JupyterSparkGraphFrames Docker Image
Available on DockerHub: https://hub.docker.com/r/tomerlevi/jupyter-spark-graphframes
This image includes Jupyter notebook server including Spark and GraphFrames lib. The image is based on the official jupyter/all-spark-notebook
Running:
docker run -p 8888:8888 -p 4040:4040 -v ~:/home/jovyan/workspace --name jupyter tomerlevi/jupyter-spark-graphframes
Running providing custom Spark options:
docker run -p 8888:8888 -p 4040:4040 -v ~:/home/jovyan/workspace -e SPARK_OPTS='--spark.executor.memory=1.5g --spark.driver.memory=0.5g' --name jupyter tomerlevi/jupyter-spark-graphframs
Follow my blogpost for more details: https://medium.com/fundbox-engineering/overview-d3759e83969c
Example code (python):
from pyspark.sql import SQLContext
from pyspark import SparkContext
from pyspark.sql import SparkSession
from graphframe import *
spark = SparkSession.builder.master("local").appName("Spark-GraphFrames").getOrCreate()
spark.sparkContext.setCheckpointDir('/tmp/graphframes_cps')
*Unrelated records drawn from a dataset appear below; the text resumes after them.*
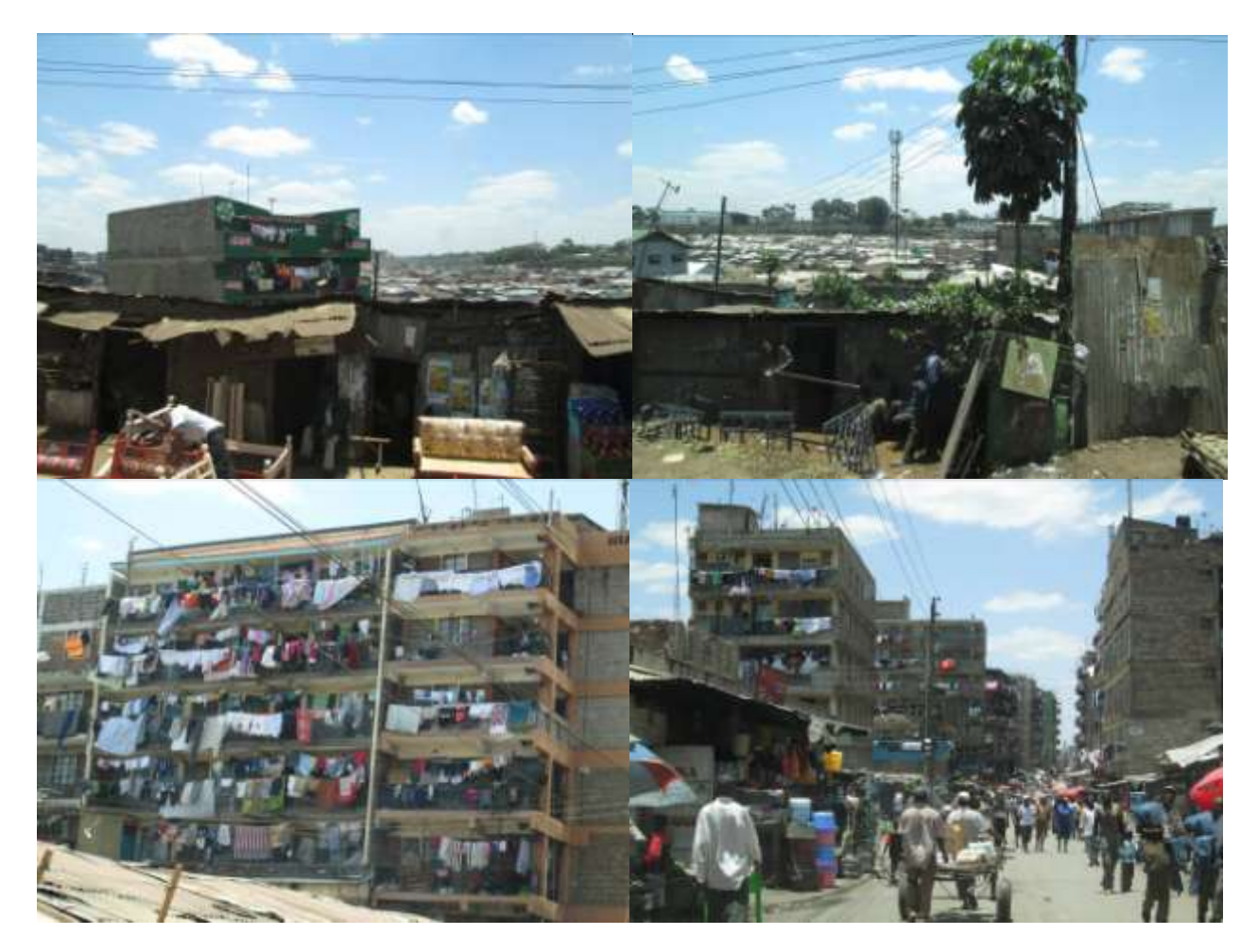
Fig 1-2-3-4 Housing tipology in Mathare

"Mathare Valley is a part of Mathare slum located few kilometers from the centre of Nairobi. The Valley is one of the oldest and worst slum areas in Nairobi and the degree of poverty there is unimaginable. People live in 6 ft. x 8 ft. shanties made of old tin and mud. There are no beds, no electricity, and no running water. People sleep on pieces of cardboard on the dirt floors of the shanties. There are public toilets shared by up to 100 people and residents have to pay to use them. Approximately 600,000 people live in an area of three square miles. Most live on an income of less than a dollar per day. Crime and HIV/AIDs are common". http://en.wikipedia.org/wiki/Mathare_Valley
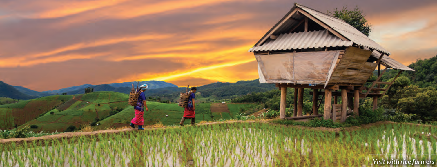
Visit with rice farmers
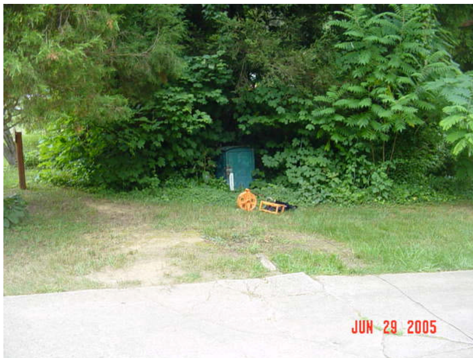
Figure 49 - Impressed Current Rectifier COL2
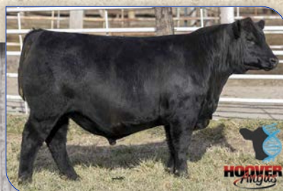
Hoover About It
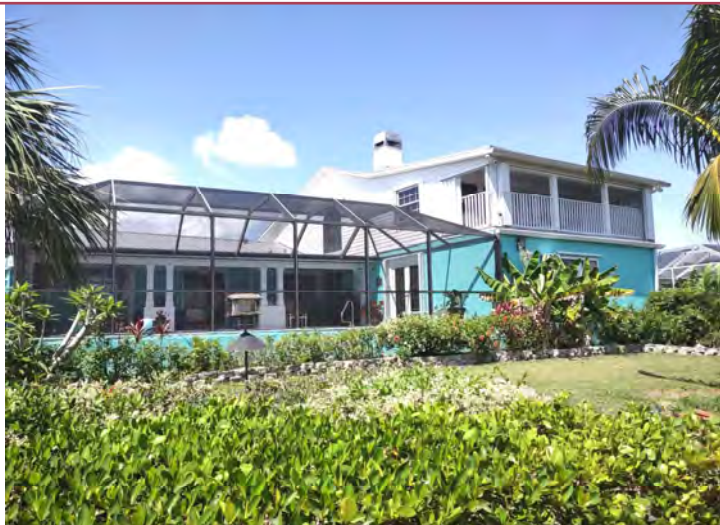
SHOWING SOUTH BACK ELEVATION OF THE HOUSE.
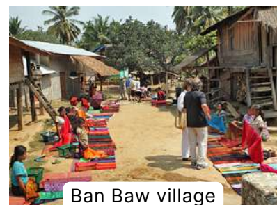
Ban Baw village
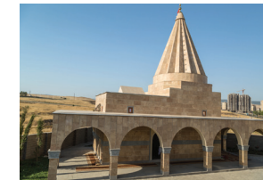
Yezidi temple, Tbilisi
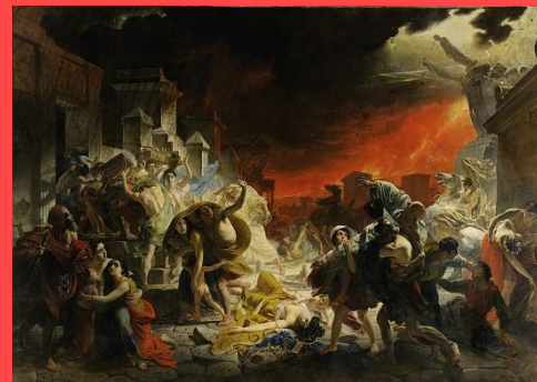
The Last Day of Pompeii by Karl Brullor 1828
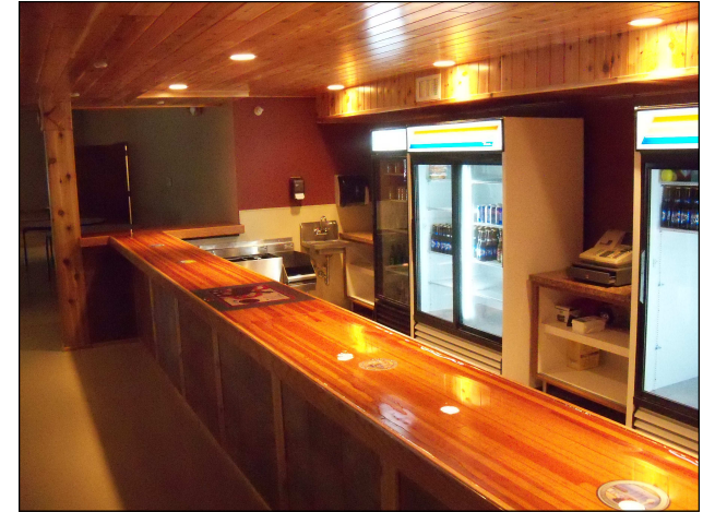
Guests are served in style at the beautifully crafted bar.
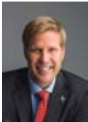
Timothy M. Keller, Mayor The City of Albuquerque
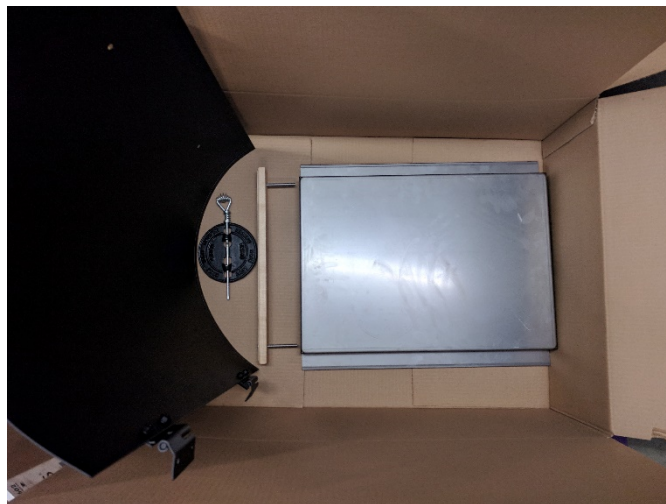
Pictured from left to right: Grill Lid, Damper, Handle, Baffle (Grates and Pizza Stone not pictured)

While the Efficiency Baffle and Sapling Grill Grates pop in and out of the Sapling much like the Sapling Evaporator Pan , the Sapling Grill Lid and Sapling Damper require some assembly and installation. Follow the directions below.
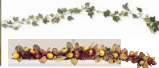
Ivy Vine, 6' (P0390) Suggested Retail: $10.95 Sale Price: $7.95
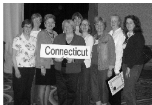
The Connecticut Delegation
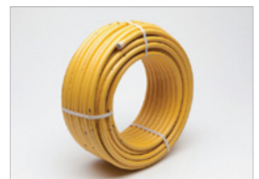
Yellow - Gas Pipe Coil
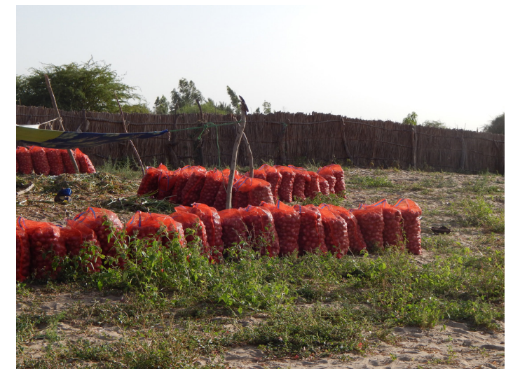
Above. A perspective of community members as they transition from their fisheries to the tending and harvesting of their market gardens.
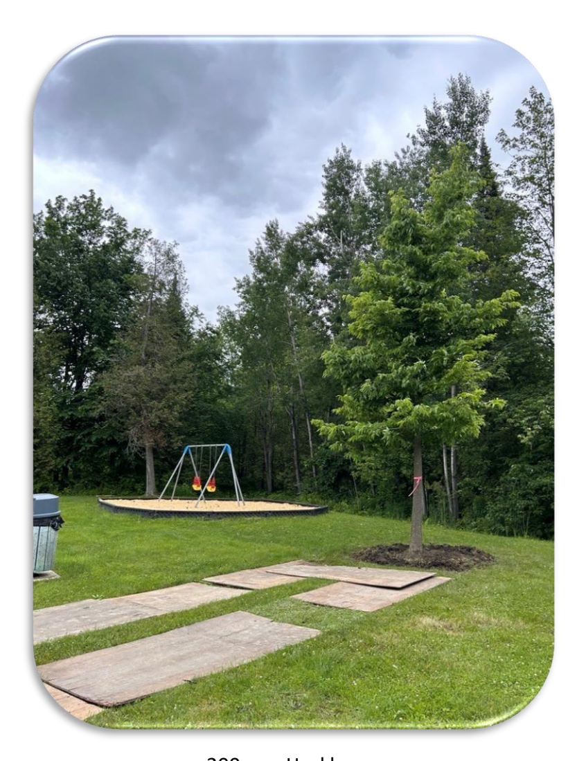
200 mm Hackberry, Parc Bellevue, Rockland
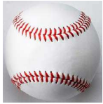
1 cup = baseball

**Below are some basic guidelines to compare to. Ex: 1 cup is about the size of a baseball**
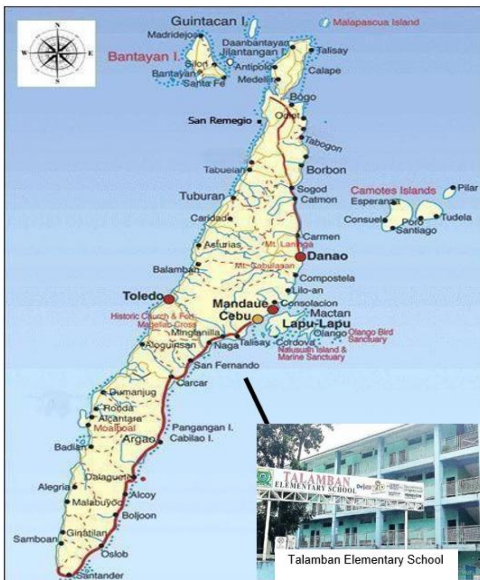
Figure 3. Location Map of the Research Environment

Located on Borbajo St., Talamban, Cebu City, Talamban Elementary School was chosen for its rich history and continuous development in providing quality education for all students. The school has demonstrated significant growth, both in student population and in the implementation of diverse educational programs, including Special Education (SPED) and Alternative Learning System (ALS). It serves as a model institution within the division, fostering an inclusive environment for children from various backgrounds and academic needs.
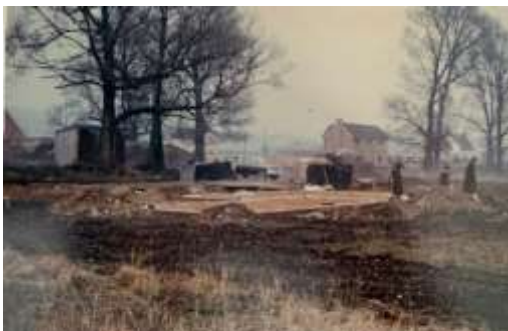
Construction of The Croft

1963 Behind the Village Hall the Duke of Newcastle Estate established The Croft with 28 houses which included 4 in Netton Street. In the middle of Netton Street was Croft Cottage, which remains today. This is where the drowner lived, whose job it was to lift up the hatches to let the water into all the meadows on the south side of the river.
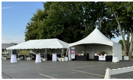
Pictured above is the temporary space created by Juday Creek for the Kickoff Classic Outing

Juday Creek was able to quickly pivot and set up temporary facilities so golf could be played and outings could be held at
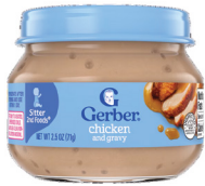
Gerber 2nd Foods
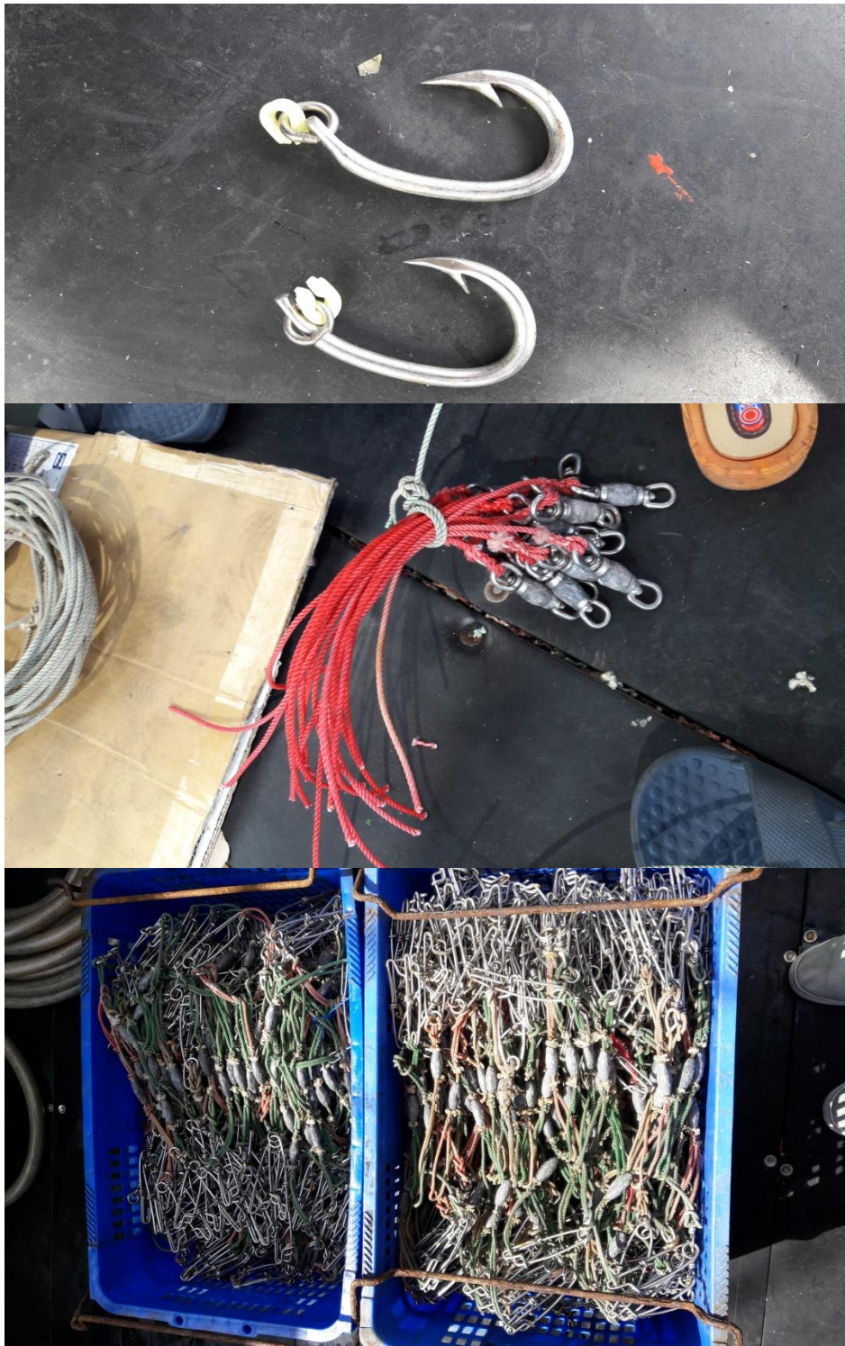
Figure 1: Types of hooks and line weights used in the sampled fishing vessel in 2016 and 2017
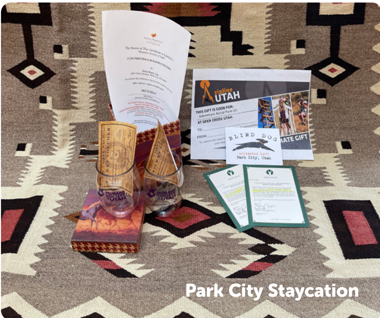
Park City Staycation
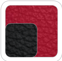
Red/Charcoal Black Leather
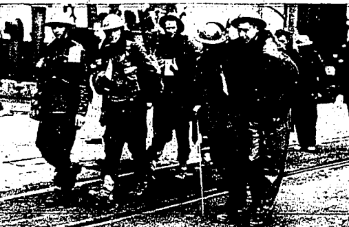
THIS PICTURE shows men of the British expeditionary force as they arrived at a British port after their escape from the German sweep through Flanders. One soldier assisted a wounded comrade who walked with the aid of a stick.

domestic policy, and a demand on foreign policy, after a week or more about matters at home and right about issues abroad.
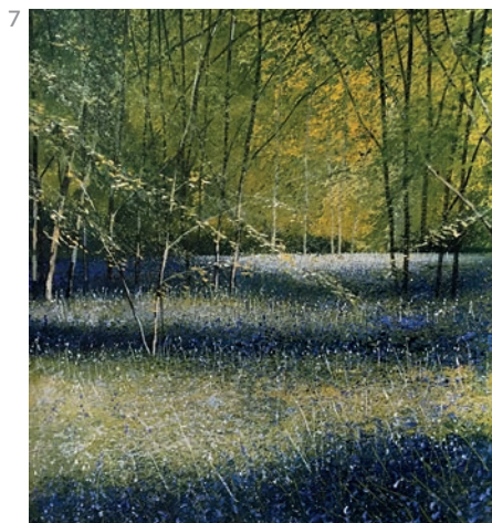
Swathes of light. Bluebell wood
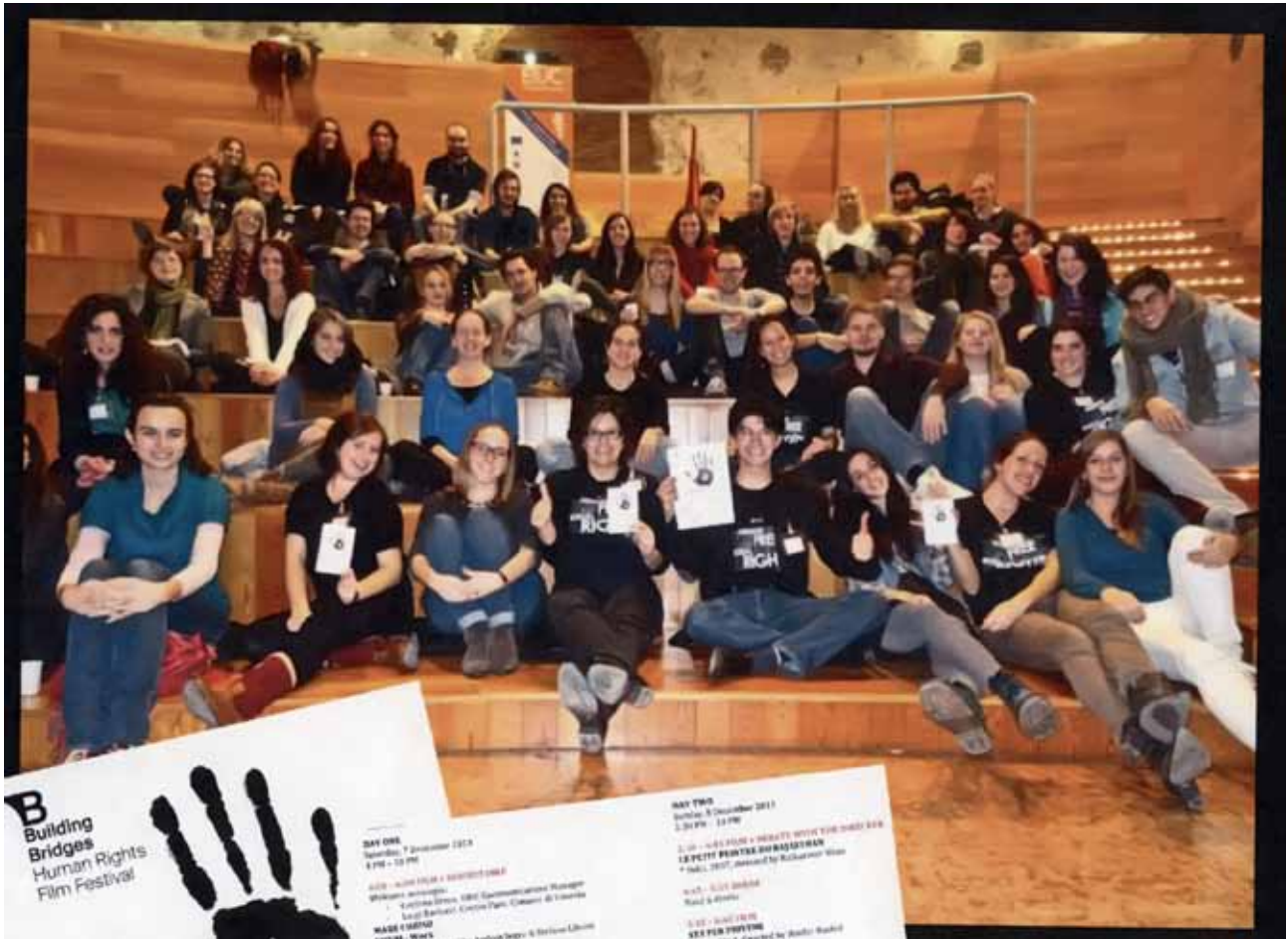
EMA Film Festival "Building Bridges" – 2013/2014
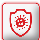
UVC & Ionizer
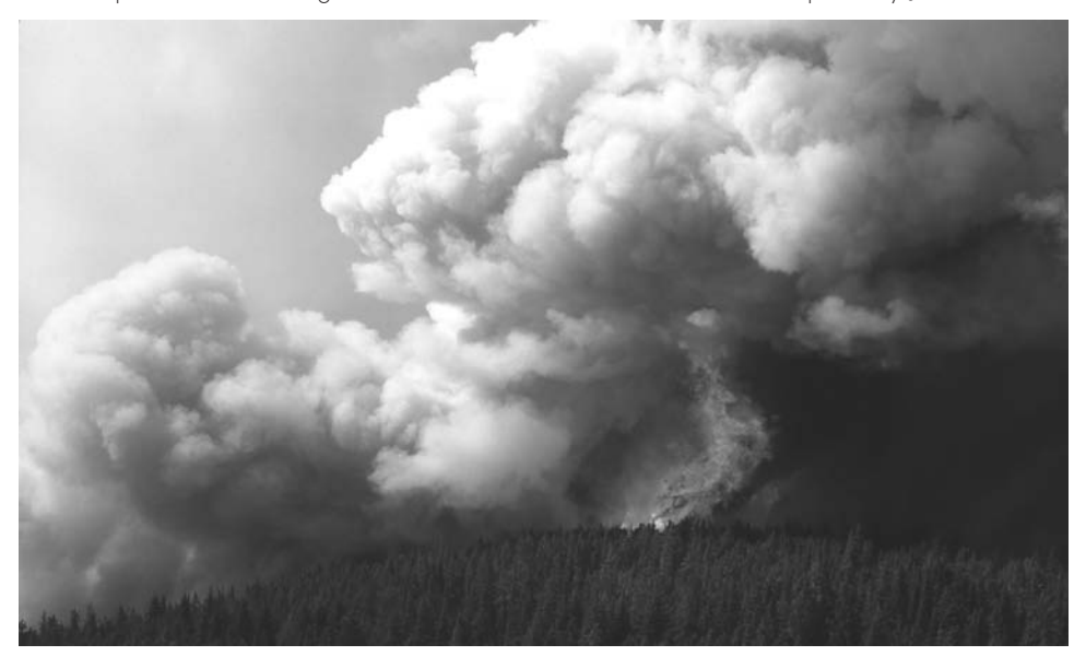
Figure 12. The 1988 fires in Yellowstone provided the first major test of the PNF (WFU) concept and of agency and interagency resolve to support the philosophy of restoring fire to its natural role in parks. High winds caused widespread spotting. Conventional firefighting techniques proved ineffective. There was little public understanding at the time of such a massive fire event.

High winds caused widespread spotting, and "conventional firefighting techniques such as burning to create fuel breaks and backfiring proved ineffective" (Rothman 2007). For the next two months, "everything about the [Yellowstone] fires seemed designed to demonstrate that fire could exceed human control" (Figure 12).
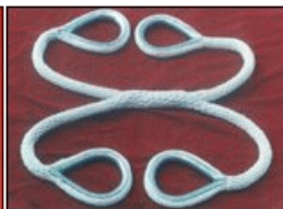
4-branch, defence ring
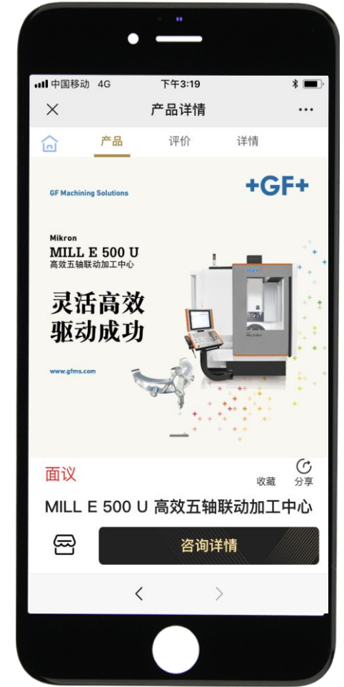
Selected Machinery Introduction & Promotion
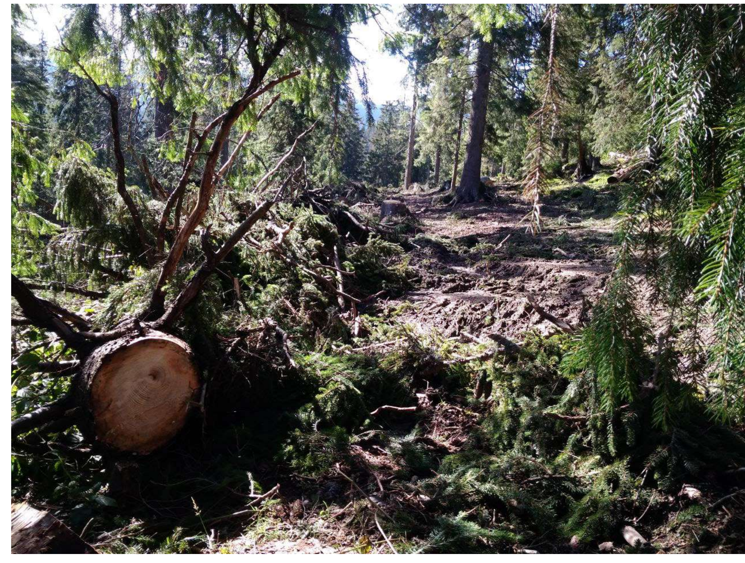
Illegal logging of a virgin forest in the Carpathian Mountains

On the other hand, the possibility of implementing full-scale biodiversity monitoring in the context of war and post-war reconstruction seems unlikely. First and foremost, the lack of funds in the state budget (especially for activities that are so obscure to many officials) and the lack of qualified personnel due to the departure of many scientists and managers abroad will be a factor. The quality of biodiversity monitoring may also be affected by the procedure for its implementation, which is currently being developed by the Cabinet of Ministers.

# Create DataFrames manually for testing purposes
from pyspark.sql import Row
v = spark.createDataFrame([
Row(id='1',label='fedex'),
Row(id='2',label='mcDonalds'),
Row(id='3',label='verizon'),
Row(id='4',label='facebook'),
Row(id='5',label='googleAds'),
])
e = spark.createDataFrame([
('1', '2', 'friend'),
('3', '2', 'friend'),
('4', '5', 'friend')
],['src', 'dst', 'type'])
# Now lets construct the graph
g = GraphFrame(v,e)
connected = g.connectedComponents()
connected.show()